Lung Cancer More Likely to Kill Non-Smoking Men Study Refutes Idea That Women Are More Vulnerable
May 17, 2006 10:04:44 AM PST
Contrary to popular belief, women who have never smoked are not more likely to die of Lung cancer than men who never smoked. In fact, a new analysis by American Cancer Society researchers shows exactly the opposite is true.
The finding comes from 2 large, long-term ACS studies that included nearly a million non-smokers. Results appear in the May 17 issue of the Journal of the National Cancer Institute.
Lead researcher Michael Thun, MD, and colleagues compared lung cancer death rates among male and female non-smokers in the Cancer Prevention Study I (CPS-I) and Cancer Prevention Study II (CPS-II). The people in the 2 studies had answered questionnaires about their smoking history and other lifestyle factors when they first enrolled. The CPS-I followed participants from 1959-1972, and the CPS-II tracked participants from 1982-2000.
In both studies, lung cancer death rates were higher among men than women. In the CPS-I, the lung cancer death rate in men was nearly 19 per 100,000, but it was just 12 per 100,000 in women. That gap was narrower, but still statistically significant, in the CPS-II: 17 per 100,000 in men and 14 per 100,000 in women.
"Our findings are reassuring for women who've never smoked and who may have been alarmed by recent reports indicating their risk was higher than it actually is," said Thun, who is vice president of epidemiology and surveillance research at ACS.
Thun said there is a perception among many doctors that lung cancer is more common in non-smoking women because many of the non-smokers they see who have lung cancer are women. But that may simply be because there are 3 times as many women who have never smoked.
"Women didn't start smoking until later in the 20th century, so there are a lot more older women who've never smoked," he explained. "The risk of developing lung cancer -- like most solid tumors -- increases with age. It increases a lot faster if you're a current or former smoker, but it increases even if you've never smoked."
Lung Cancer Patients 'Shortchanged'
The issue of lung cancer in non-smokers was thrown into the spotlight earlier this year when Dana Reeve, widow of actor Christopher Reeve, died of the disease despite never having smoked. But active smoking isn't the only cause of lung cancer. People can also get this disease through exposure to secondhand smoke, asbestos, radon, and radiation therapy, among other causes.
In fact, about 10% -15% of all lung cancer deaths in the US -- between 17,000 to 26,000 each year -- are unrelated to active smoking. Of those, about 15,000 are in people who never smoked.
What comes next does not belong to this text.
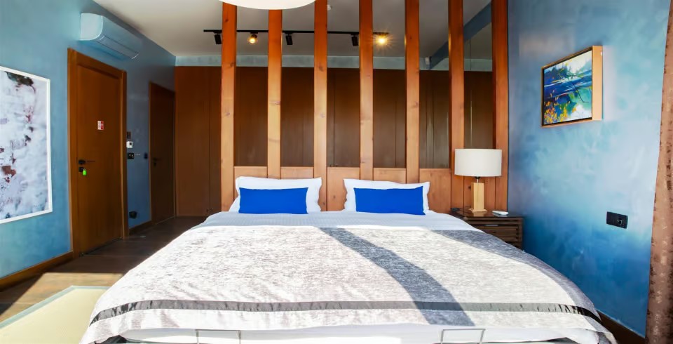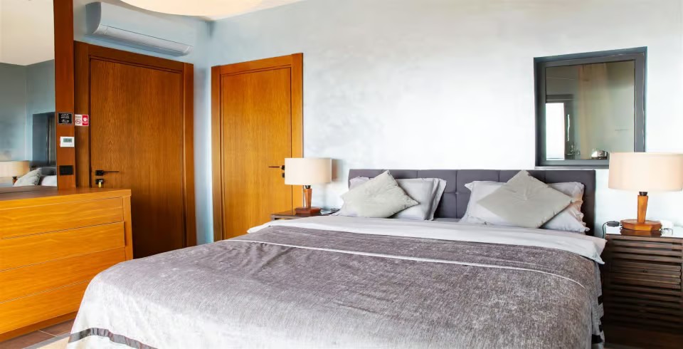 5. Yatak Odası: 1 adet çift kişilik yatak, klima, komodin, elbise dolabı, banyo ve tuvalet.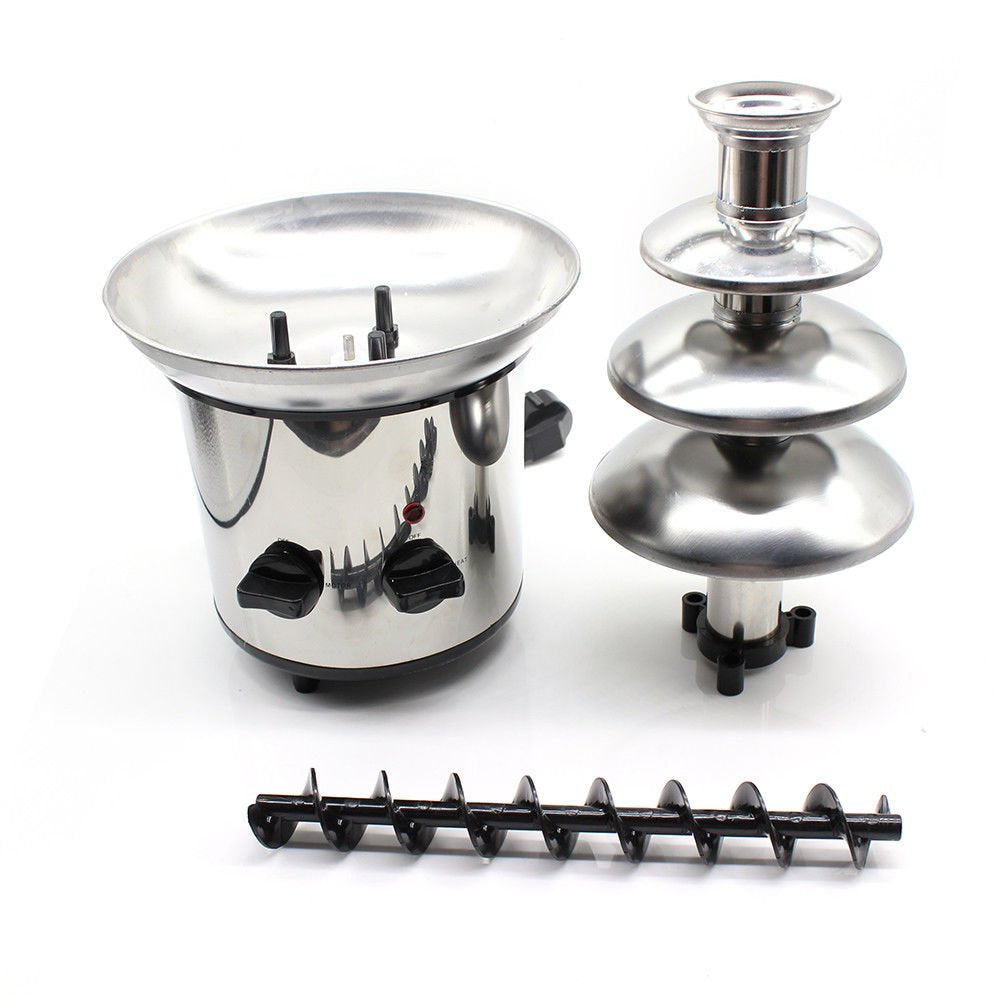"Chocolate cream is the best choice for this machine. Chunky Chocolate cannot produce a good chocolate cascade or affect normal operation. In cold weather, we recommend that the chocolate cream forms a good chocolate cascade for at least 15-60 minutes. Chocolate melts quickly and directly, adjustable syrup temperature, thermal stability. Chocolate fountain, easy to clean and easy to install, complete sealing system. Material: Stainless steel, Power: 170 W, Maximum capacity for chocolate: 2.20 lbs. Package includes: 1 x chocolate fountain, 1 x power cord (EU plug)"

If all these cases of lung cancer were considered separately from smoking-related lung cancer, they would rank between 6 and 8 on the list of most common fatal cancers, Thun and his colleagues say. The study didn't find any evidence that lung cancer rates in non-smokers have changed substantially over the years.
Nevertheless, lung cancer still gets shortchanged when it comes to public attitudes and the search for cures, Thun said.
"The funding for lung cancer is small, given the burden of suffering and death that it causes, in part because of this unspoken assumption that blames the person for smoking," he said. "But the paper points out that lung cancer deaths due to factors other than smoking [constitute] a substantial burden. And then it gets shortchanged again because tobacco control gets underfunded below its contribution to suffering and death."
Differences in Whites, African-Americans
Thun's analysis also found racial differences in lung cancer deaths. African-American women who never smoked had significantly higher lung cancer death rates than white women who never smoked, and the gap got bigger between the first and second study. Rates were also higher among African-American men than white men, but there were too few black men in the first study to make the finding statistically meaningful.
Thun says these discoveries merit further research.
Lung cancer death rates have been higher among African-American men than white men since the 1960s, but most of this difference was thought to be due to different smoking patterns between the races. African-American men are a little more likely to be smokers, tend to smoke cigarettes with higher levels of tar, and tend to have higher levels of smoking-related chemicals in their blood.
The fact that this new analysis found a large difference in non-smokers, too, suggests there's more to the picture than just smoking habits.
"That is a novel finding that needs to be followed up," Thun said.
Citation: "Lung Cancer Death Rates in Lifelong Nonsmokers."Published in the May 17, 2006, Journal of the National Cancer Institute (Vol. 98, No. 10: 691-699). First author: Michael J. Thun, MD, American Cancer Society.